Другая форма ухода — вертикальное бегство, которое состоит в том, что мышление и тем самым решение проблемы переносится из конкретной и противоречивой, трудно контролируемой реальности в сферу сугубо мыслительных операций, но мыслительные модели избавления от конкретной реальности могут настолько далеко обсграгироваться от самой действительности, что решение проблемы на замещающем объекте, на модели имеет мало общего с решением в реальности. Но чувство контроля если не над реальностью, то хотя бы над моделью сохраняется. Однако уход в моделирование, в теорию, вообще в область духа может зайти так далеко, что путь назад, в мир реалий, напротив, забывается.

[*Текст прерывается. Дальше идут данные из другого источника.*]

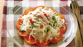 たっぷりのたまねぎと牛肉が主役のサラダ。甘酸っぱいドレッシングに、にんにくと赤とうがらしを加え、エスニック風の味わいに仕上げました。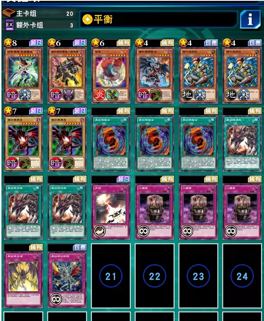 技能方面选择和常规真红眼一样的平衡技能,因为我们卡组高等级怪兽较多,为了避免手札事故求稳还是选择了866平衡,保证第一回合能稳定召唤出真红眼黑刃龙。

По большому счету, уход в науку, философию, в сферу духа очень часто обеспечивается гораздо большей возможностью воссоздать чувство контроля и власти именно в этих областях, нежели в житейских ситуациях. Но не попасть бы в ситуацию Фауста, который горько признавался: Я философию постиг, Я стал юристом, стал врачом… Увы: с усердьем и трудом И в богословье я проник, — И не умней я стал в конце концов, Чем прежде был… Глупец я из глупцов!
(Пер. Н.Холодковского)
Примечательно, как точно обозначил Гете состояние Фауста, делающего такое открытие. Это — состояние тревоги, беспокойства.
Далее в монологе Фауста в одном только восьмистишии Холодковский вслед за Гете трижды обозначает этот, как бы сейчас сказали, экзистенциальный вакуум: Фауст вопрошает уже риторически, уже с ответом самому себе: Еще ль не ясно, почему Изныла грудь твоя тоской, (1) И больно сердцу твоему, (2) И жизни ты не рад такой? (3) Живой природы пышный цвет, Творцом на радость данный нам, Ты променял на тлен и хлад, На символ смерти — на скелет!..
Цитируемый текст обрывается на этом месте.